■ Your task: For this task, extract exactly the lines of the data below, from the line containing "2025年4月3日,富軒全屋" through the last one, with pictures left out.

*** Opening Stored data ***

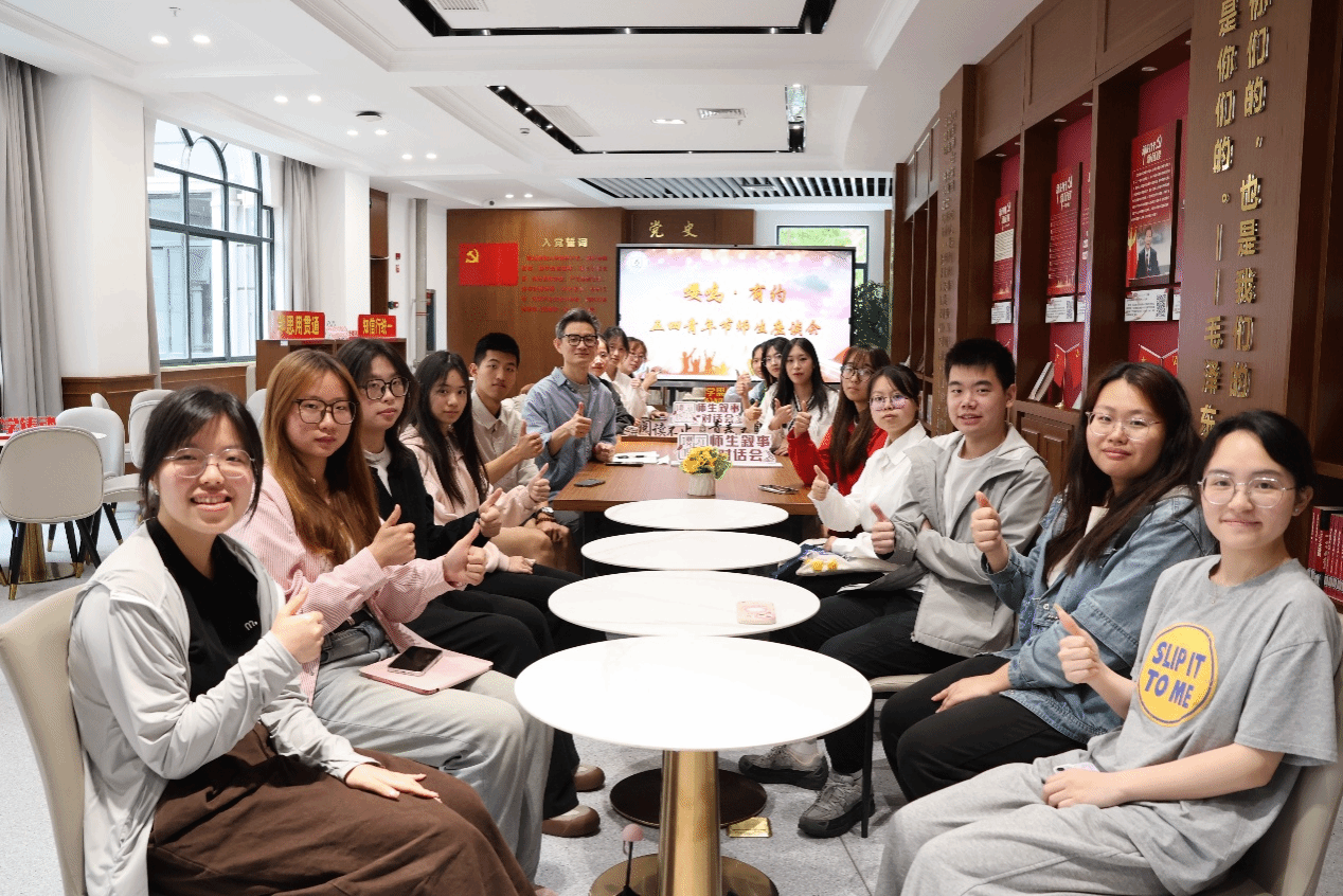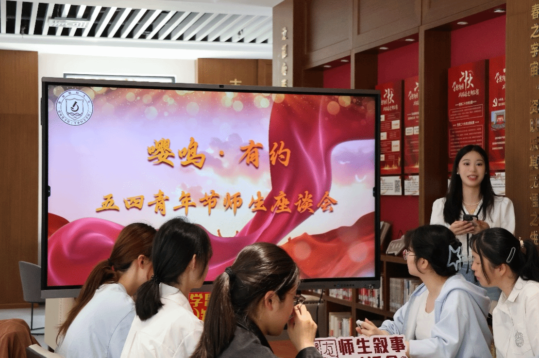 在图书馆青春书房举办“嘤鸣有约”五四青年节师生座谈会。院党委副书记余信丰与院学生组织干部代表参加此次座谈。
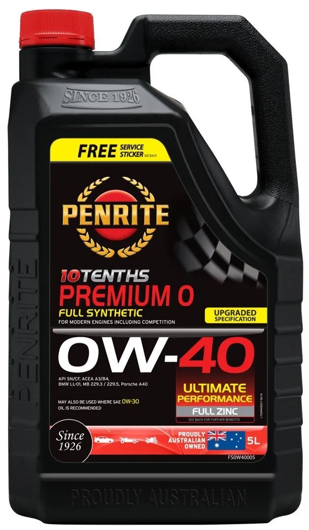 Penrite 10 Tenths Premium 0 0W-40 Full Synthetic 5L Najwyższej jakości w pełni syntetyczny olej, wyprodukowany na bazie PAO , klasy SAE 0W-40. Jest przystosowany do nowoczesnych silników, niezawierający modyfikatorów tarcia. Produkt zawiera pakiet dodatków FULL ZINC+ (przekraczający poziom 1800 ppm ), dzięki czemu zapewnia doskonałą ochronę oraz znakomite osiągi silnika. Lepkość 0W-40 Olej bazowy Full Synthetic Rodzaje paliwa Petrol / Diesel, Diesel, Petrol, LPG, Racing Zalety wzbogacony dużą zawartością cynku (Full Zinc) Premium 0 to najwyższej jakości w pełni syntetyczny olej, wyprodukowany na bazie PAO , klasy SAE 0W-40. Jest przystosowany do nowoczesnych silników, niezawierający modyfikatorów tarcia. Produkt zawiera pakiet dodatków FULL ZINC+ (przekraczający poziom 1800 ppm ), dzięki czemu zapewnia doskonałą ochronę oraz znakomite osiągi silnika. Premium 0 przewyższa normy API SN/CF, ACEA A3/B3 oraz wiele innych norm producentów. ZASTOSOWANIE Premium 0 jest przeznaczony do stosowania w nowoczesnych silnikach o wysokich osiągach, zarówno w warunkach drogowych jak i wyścigowych. Jest odpowiedni do nowoczesnych silników 4-, 6- i 8+-cylindrowych, z wieloma wałkami rozrządu, wielozaworowych, w tym VVT, wolnossących, doładowanych i turbodoładowanych, w tym do silników wysokoprężnych małej mocy. Premium 0 jest odpowiedni do warunków drogowych jak również rajdowych w wielu rodzajach pojazdów. Może być stosowany tam, gdzie wymagany jest olej klasy SAE 0W-30 i SAE 5W-40. Może być używany w silnikach benzynowych i wysokoprężnych wyprodukowanych do 2008r, gdzie wymagana jest specyfikacja ACEA A3/B4. Premium 0 jest odpowiedni do stosowania w motocyklach czterosuwowych z mokrym sprzęgłem. Rodzaje paliwa Premium 0 może być używany z benzyną, LPG, paliwem E10, E85 (tylko w warunkach wyścigowych), olejem napędowym (bez filtra cząstek stałych DPF), avgas, metanolem, nitro, jak również z paliwem konwencjonalnym. ZALETY PRODUKTU Wyprodukowany z wykorzystaniem PAO (polialfaolefin – grupa IV) , w celu zapewnienia maksymalnej odporności na działanie bardzo wysokich temperatur oraz wysokiej wydajności • W pełni cynkowany - pakiet dodatków *FULL ZINC + zapewniający najlepszą ochronę przed zużyciem. Technologia EXTRA TEN w porównaniu z olejami 0W-40 i 5W-40 zapewnia taką samą ochronę przed zużyciem przy uruchamianiu silnika ale też dodatkowy film ochronny we wszystkich warunkach. NAJNOWSZA technologia przewyższa normę API SN, zapewniając najlepszą ochronę przed zużyciem, minimalne gromadzenie się osadów oraz mniejszy osad na tłoku Sprawdzony w warunkach wyścigowych i w silnikach o wysokich osiągach Dłuższa żywotność silnika dzięki zmniejszonej ilości osadów tworzących się podczas pracy silnika w wysokiej temperaturze Zmniejszone zużycie oleju dzięki wykorzystaniu wysoce wyspecjalizowanych, ultra czystych syntetycznych olejów bazowych o niskiej lotności Nie zawiera modyfikatorów tarcia, więc może być stosowany w motocyklach z mokrym sprzęgłem Bardzo szybki przepływ w czasie uruchamiania silnika oraz pełna ochrona przed działaniem wysokiej temperatury NORMY BRANŻOWE I APROBATY PRODUCENTÓW API SN/CF ACEA A3/B3 JASO MA BMW LL-98 VW 502.00/505.00 Porsche GL MB 229.1/229.3 DANE CHARAKTERYSTYCZNE Lepkość kinematyczna cSt w 40oC 85 w 100 oC 14,9 Indeks lepkości 185 Lepkość CCV (Cold Cranking), cP w -35 oC 6009 Lepkość HTHS cP >3,7 Temperatura płynięcia - 51 Noack <5,5 Zawartość wapnia w % 0,296 Zawartość boru, w % 0,063 Zawartość cynku, w % 0,124 TBN 9,8
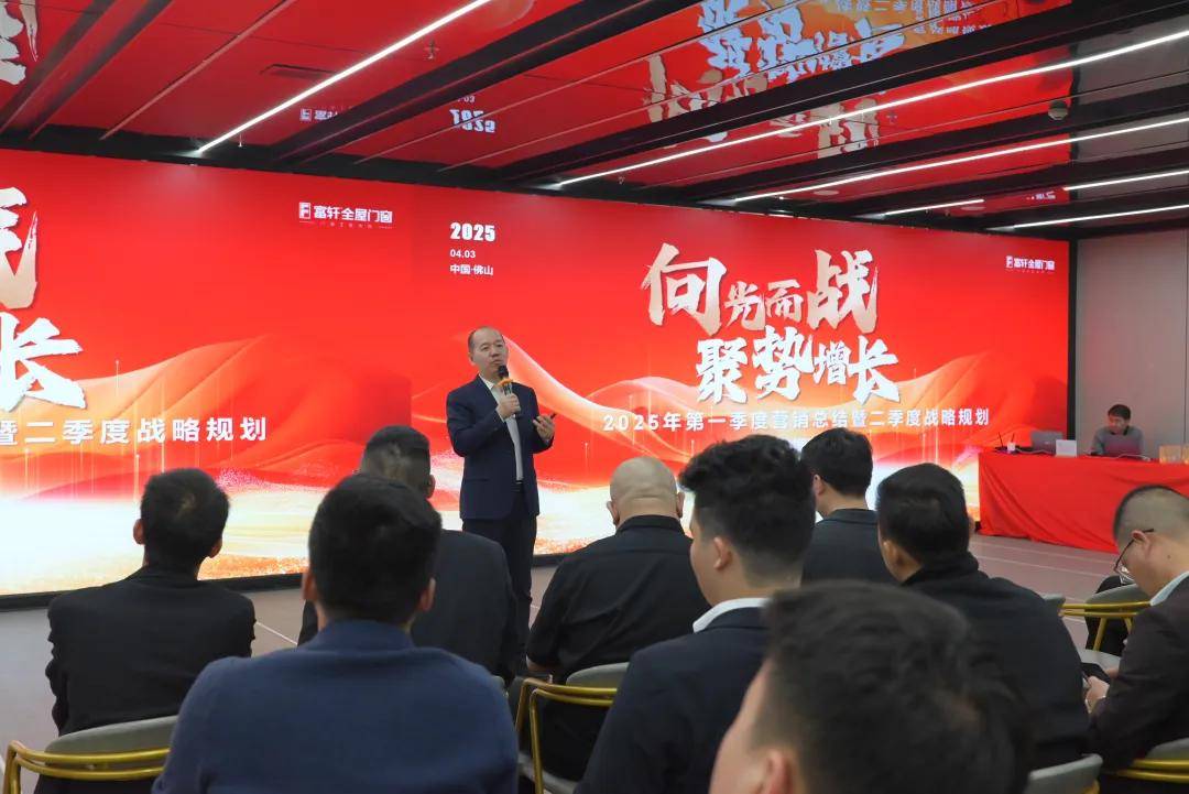 2025年4月3日,富軒全屋門窗2025年營銷中心春季大會在公司總部隆重召開,該會議對2025年第一季度工作進行復盤總結,為第二季度的各項工作做好戰略部署。富軒全屋門窗董事長李董,營銷總經理翁總攜一眾高管團隊和營銷中心全體精英共同出席本次大會。
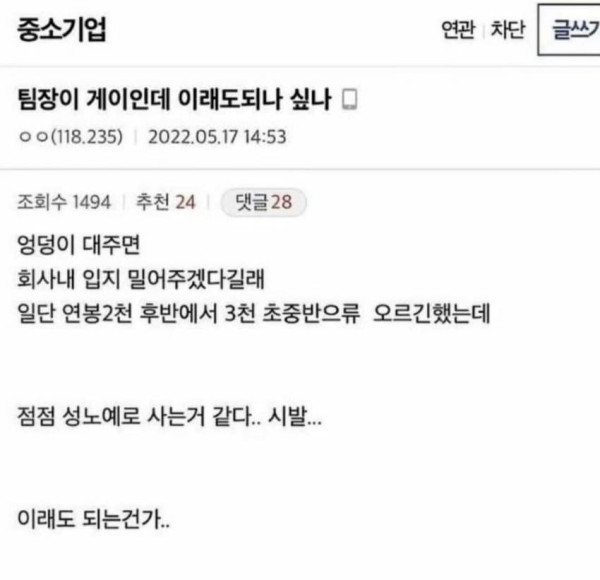 연봉올리는법 작성자 정보 앙기모띄 작성 작성일 2025.10.04 21:38 컨텐츠 정보 134 조회 목록 본문 좆소팀장이 그런 능력이 없음 조기 진급 시켜야하는데 명분이 있어야지 그리고 동료들 눈치도 있고 관련자료 이전 싱글벙글 생각보다 맛있는 음료 작성일 2025.10.04 21:45 다음 계곡 울놀이간 여자 작성일 2025.10.04 21:31 댓글 0 등록된 댓글이 없습니다. 로그인한 회원만 댓글 등록이 가능합니다. 목록

*** Closing Stored data ***

■ Response area:
 2025年4月3日,富軒全屋門窗2025年營銷中心春季大會在公司總部隆重召開,該會議對2025年第一季度工作進行復盤總結,為第二季度的各項工作做好戰略部署。富軒全屋門窗董事長李董,營銷總經理翁總攜一眾高管團隊和營銷中心全體精英共同出席本次大會。
 연봉올리는법 작성자 정보 앙기모띄 작성 작성일 2025.10.04 21:38 컨텐츠 정보 134 조회 목록 본문 좆소팀장이 그런 능력이 없음 조기 진급 시켜야하는데 명분이 있어야지 그리고 동료들 눈치도 있고 관련자료 이전 싱글벙글 생각보다 맛있는 음료 작성일 2025.10.04 21:45 다음 계곡 울놀이간 여자 작성일 2025.10.04 21:31 댓글 0 등록된 댓글이 없습니다. 로그인한 회원만 댓글 등록이 가능합니다. 목록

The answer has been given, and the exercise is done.